So my goal is to write the code sample that illustrates this point or prove that such examples are only theoretically true and weird on practice.
P.S. #everybody_who_also_knows_that_auto_ptr_is_deprecated
I also know this. But don't you consider technical reasons (legacy code or old compiler) that may not allow new pointer containers usage? And moreover this question is about old and bad (if you'd like) auto_ptr.

I don't have MSVC right now, but judging from the error from g++, I guess this is the reason:
auto_ptr<T> only has a "copy constructor" which takes mutable references (§D.10.1.1[auto.ptr.cons]/2­–6):
auto_ptr(auto_ptr& a) throw();
template<class Y> auto_ptr(auto_ptr<Y>& a) throw();
But vector::push_back will accept a const reference (§23.3.6.1[vector.overview]/2).
void push_back(const T& x);
So it is impossible to construct an auto_ptr via push_back because no constructor takes a const reference.

From what you write, it seems that you already know everything that there is to know about containers of auto_ptrs and why they are unsafe.
Therefore, I assume that your interest in containers of auto_ptrs is purely teaching oriented. I understand your frustration in attempting to build a deliberate counter-example: in fact, most implementers of standard containers have put in place work-arounds to avoid accidentally triggering the broken semantics of auto_ptrs.

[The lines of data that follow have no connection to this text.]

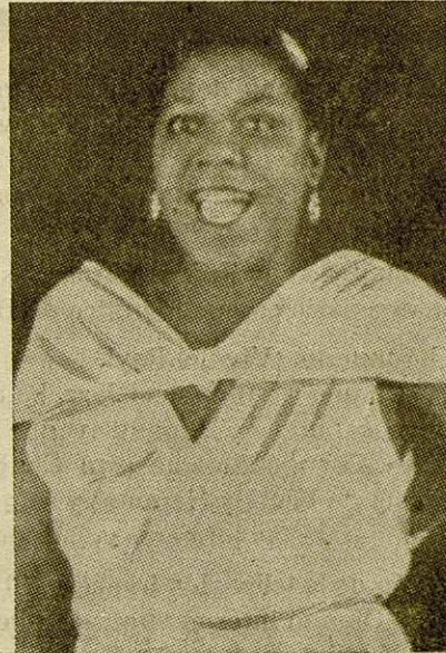
Bessie Smith, la malograda intérprete del Blues, máximo exponente femenino del auténtico jazz en la época de oro del mismo

jambre. Pobres y limitados snobs en su más mísera consecuencia. Ni siquiera les queda la justificación de hacer fructífera, con su apoyo, la obra de arte. Todo su entusiasmo está encaminado hacia lo vulgar, sin categoría artística, deslumbrados por el brillante (?) cascarón vacío de los Shaw, Dorsey, Miller, Ambrose, cuando no ululando
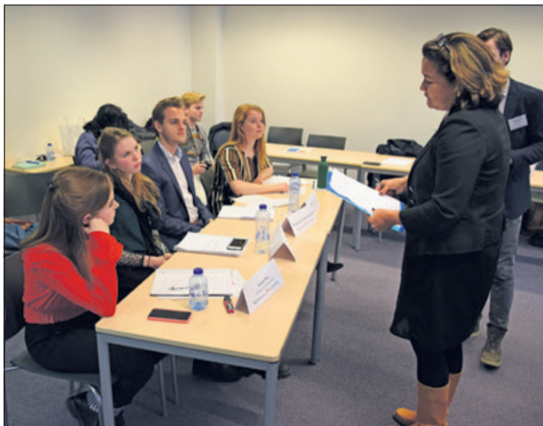
De jury legt uit wat goed ging en waar nog winst valt te behalen.

Tijdens het debat wordt door de jury dan ook extra gelet op deze vaardigheden. 'De spelregels tijdens een debat zijn divers', legt Oosterom uit. 'Zorgen ogen, stem en houding voor extra overtuigingskracht? Geeft de debater blijk van een sterke argumentatie, met een heldere analyse en passende voorbeelden? Worden essentiële argumenten uitgelegd en ondersteund door voorbeelden? Er zijn veel aspecten waarop je als goed debater moet letten, maar dat maakt het vak wel heel interessant'.
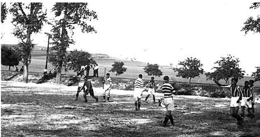
I tak se kdysi hrávalo...

jaře roku 1930 se nově vzniklému oddílu kopané podařilo získat od obce pozemek „Za Svodnicí“, kde se začalo budovat fotbalové hřiště. Nadšeným úsilím všech členů postupovaly práce tak rychle, že ještě v červnu téhož roku bylo hřiště slavnostně otevřeno. Od roku 1931 se tradují také červená a bílá klubová barva, podle pamětníků byly barvy zvoleny dle kvalitních velkopavlovických vín. První výsledky ze soutěží fotbalového oddílu jsou z roku
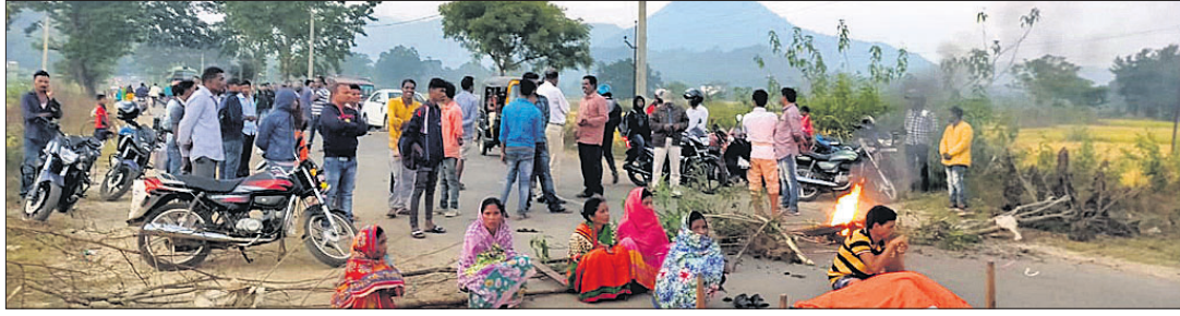
ମୃତଦେହ ରଖି କାତାୟ ରାଜପଥ ଅବରୋଧ କରାଯାଇଛି।

ଚକାପାଦ ବୁକ୍ ଶଙ୍କରାଖୋଳ ଗ୍ରାମରେ ୩୩ କେଜି ତାର ସ୍ଥାନାନ୍ତର ପାଇଁ ଖୁଣ୍ଟରେ ଚଢ଼ି ବିଦ୍ୟୁତ୍ ସଂଘର୍ଷରେ ଆଦି ଗୁରୁତର ଆହତ ହୋଇଥିବା ଶ୍ରମିକଙ୍କ ଶୁକ୍ରବାର ମୃତ୍ୟୁ ଘଟିଛି।

So, here's an example that I have written myself precisely for teaching:
class MyClass {
int a;
public:
MyClass (int i) : a(i) { }
int get() const { return a; }
};
int main() {
constexpr unsigned size = 10;
std::vector< std::auto_ptr<MyClass> > coap;
coap.resize(size);
for (unsigned u=0; u<size; u++)
coap[u] = std::auto_ptr<MyClass>( new MyClass( rand() % 50 ));
std::sort( coap.begin(), coap.end(),
[]( std::auto_ptr<MyClass> a,
std::auto_ptr<MyClass> b) { return a->get() < b->get(); });
}
Compiling it with g++ 4.9.2 will lead to an executable that will segfault nicely.

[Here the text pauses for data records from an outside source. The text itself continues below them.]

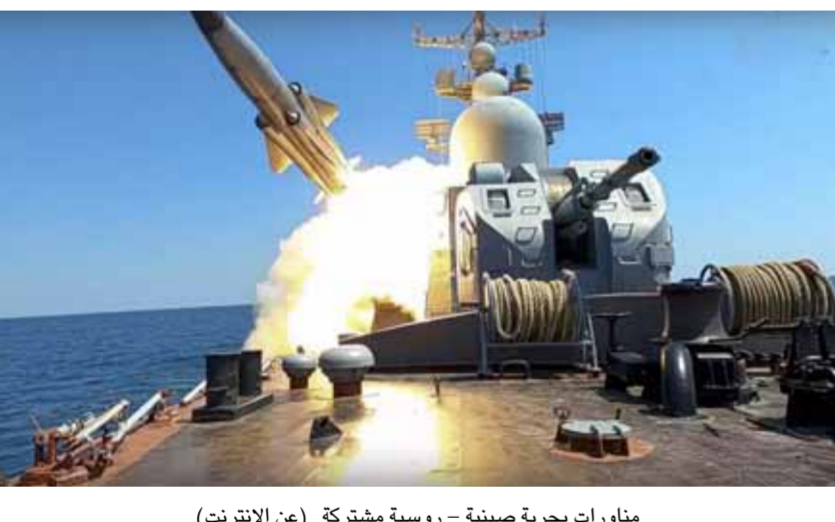
مناورات بحرية صينية - روسية مشتركة

صاحبت موسكو واشنطن وكيف مسؤولية مقتل صحفي روسي وإصابة عدد من زملائه بذخائر عنقودية في مقاطعة زابوروجيه أمس، في حين نفذت روسيا والصين ضربة مدفعية مشتركة على هدف بحري في إطار المناورات البحرية المشتركة «شمال-شمال» تقاعل ٢٠٢٣. نائب رئيس مجلس الاتحاد الروسي قسطنطين كوساتشيف، حمل واشنطن وكيف مسؤولية مقتل صحفي روسي وإصابة عدد من زملائه بذخائر عنقودية في مقاطعة زابوروجيه أمس. وكتب كوساتشيف عبر «تيلغرام»: استخدام الذخائر العنقودية غير إنساني ويجب استبعاد ومنع استخدامها في القتال، مضيفاً: ما حصل (أمس) يبين أن جميع تأكيدات الأميركيين والأوكرانيين بعدم وجود مخططات أوكرانية لاستخدام هذه الذخائر ضد المدنيين ثبت أنها أكاذيب، والمسؤولية عن ارتكاب جريمة استخدام هذه الذخائر تقع على عاتق أوكرانيا والولايات المتحدة على حد سواء. من جانبه قال نائب المندوب الروسي لدى الأمم المتحدة ديميتري بوليانسكي عبر «تويتر» تعليقا على مقتل جورا فلوف: إن الولايات المتحدة تخطت جميع الحدود الأخلاقية بإمداد أوكرانيا بالذخائر العنقودية. وأضاف: الذخائر العنقودية التي توفرها الولايات المتحدة لكيف تكفل الصحفيين في أوكرانيا، أتساءل عن توجهات الشارع الأميركي وأربابهم بتخطي حكومة بلادهم لجميع الخطوط الحمراء الأخلاقية، في محاولة بائسة لإقناع نظام كيف الفاسد والمنهار. وأعلنت وكالة «نوفوستي» الروسية أمس السبت مقتل مراسلها الحربي روستيسلاف جورا فلوف،
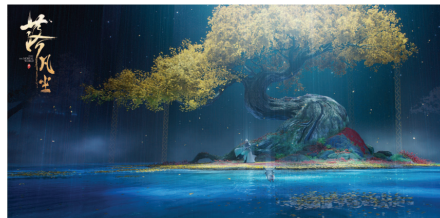
动画电影《落凡尘》剧照

在全球文化话语权争夺激烈和中国文化迫切需要走出去的当下,讲述中国故事不能满足于自说自话,而必须注
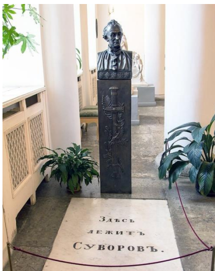
Могила А.В. Суворова в Александро-Невской лавре Санкт-Петербурга

теперь». А перед самой смертью, причастившись Святых Христовых Таин, Суворов произнёс полные истинного смирения последние в своей жизни слова: «Долго гонялся я за славой - всё мечта. Покой души - у Престола Всевышнего».
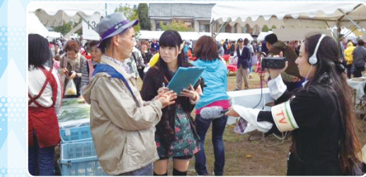
右京の魅力を学生の視点から取材・発信(写真はふれあいフェスティバル) (京都光華女子大学)

右京区では、多くの学生が「右京区を良くしたい」との思いから、地域行事に参加したり、まちづくり活動に取り組んでいます。地域住民と学生が連携して、右京区を盛り上げていきましょう！

You can rewrite the example above even more concisely by using type deduction:
std::sort( coap.begin(), coap.end(),
[]( auto a, auto b) { return a->get() < b->get(); });
Note that the problem is not in the specific implementation of std::sort, which seems to be auto_ptr-safe. It is rather in the comparison lambda function I am passing to std::sort, that deliberately accepts its arguments by value, thus destroying the objects in the container every time a comparison is performed.
If you changed the lambda so that it receives its arguments by reference, as shown below, most STL implementations would actually behave correctly, even if you are doing something that is conceptually wrong.

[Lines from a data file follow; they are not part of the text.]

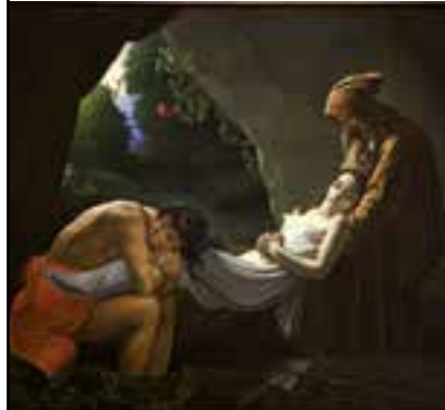
ANNE-LOUIS GIRODET DE ROUCY-TRIOSON, ATALA AU TOMBEAU, AVANT 1850
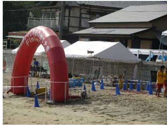
1km スタート・3.2km ゴール地点②
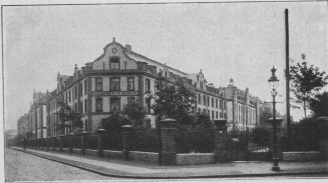
Abb. 565. Vaterstädtische Stiftung von 1876, Ansicht. Architekten Hugo Stammann und G. Zinnow.

Die drei Stiftsgebäude der Vaterstädtischen Stiftung von 1876 (Abb. 565 und 566), an der Schede- und der Frickestraße gelegen, bestehen aus Wohnungen von je einem Zimmer, von je einem Zimmer und Küche und von je zwei oder drei Zimmern und Küche mit je Boden- und Kellerraum. Die Wohnungen werden gegen eine Mietzahlung von wöchentlich 30 Pf. für einen Raum bedürftigen Angehörigen des hamburgischen Staates überlassen.
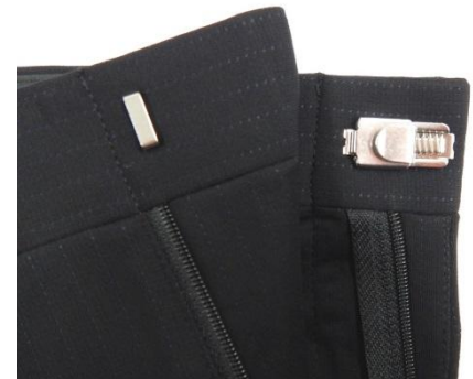
1.5センチの稼働を持たせたウエストカン 自然に体にフィットする

商品名 : クールビズ・ファイテンニットスーツ 発売日 : 4月28日(金) 価格 : 73,000円(税抜) 素材 : ポリエステル100% カラー : ブラック/ネイビー サイズ : Y、A、AB体 各4~7号
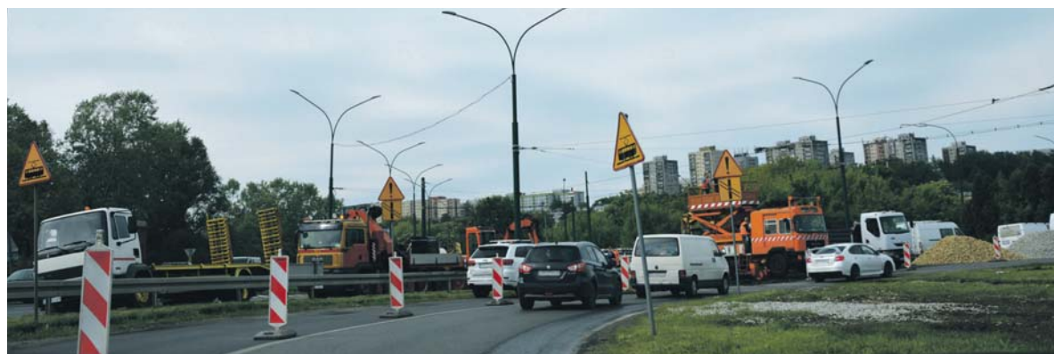
Niełatwy dla mieszkańców remont torowiska dotarł do ronda i niestety musimy doliczyć kilkanaście minut na przejazd przez to miejsce. Na będzińskim fragmencie, oprócz torowiska klasycznego, projekt obejmuje również wykonanie dziewięciu przejść dla pieszych, trzech przejazdów drogowych, dwanaście platform przystankowych oraz przebudowę sieci trakcyjnej na całym odcinku.
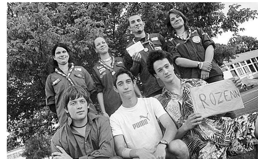
Le lycée Saint-Joseph a remis, hier mardi, un chèque de 813 € à la compagnie lamballaise des scouts et guides de France. Cet argent va permettre aux compagnons de pouvoir préparer leur voyage humanitaire au Togo prévu cet été.

813 € pour les scouts et leur voyage au Togo
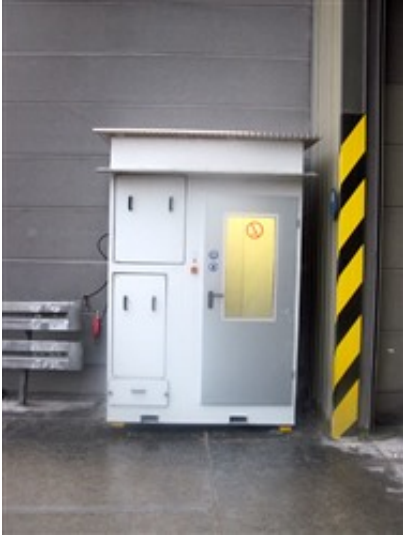
Anschaffung einer Luftdusche
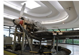
知覧特攻平和会館
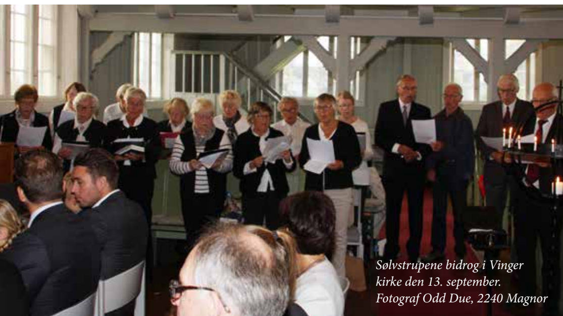
Sølvstrupene bidrog i Vinger kirke den 13. september.

Sølvstrupene ble startet i 2001 på initiativ fra Vinger menighetsråd, som så det som ønskelig å starte et korarbeid for pensjonister. Organist Kaare Nergaard som nylig var blitt pensjonist tok på seg oppgaven å være musikalsk leder. Koret vokste raskt og har gjennom årene hatt mange opptredener. Naturlig nok har koret også mistet mange trofaste medlemmer og det er behov for stadig rekruttering for å holde koret i gang. Koret er også et sosialt fellesskap, uten opptakskrav.

std::sort( coap.begin(), coap.end(),
[]( const std::auto_ptr<MyClass> & a,
const std::auto_ptr<MyClass> & b) { return a->get() < b->get(); });
Good luck!

STEP 1
Lets' solve this problem in a straight way:
#include <iostream>
#include <vector>
#include <algorithm>
template<> struct std::less<std::auto_ptr<int>>: public std::binary_function<std::auto_ptr<int>, std::auto_ptr<int>, bool> {
bool operator()(const std::auto_ptr<int>& _Left, const std::auto_ptr<int>& _Right) const
{ // apply operator< to operands
return *_Left < *_Right;
}
};
int wmain() {
using namespace std;
auto_ptr<int> apai(new int(1)), apai2(new int(2)), apai3(new int(3));
vector<auto_ptr<int>> vec;
vec.push_back(apai3);
vec.push_back(apai);
vec.push_back(apai2);
for ( vector<auto_ptr<int>>::const_iterator i(vec.cbegin()) ; i != vec.cend() ; ++i )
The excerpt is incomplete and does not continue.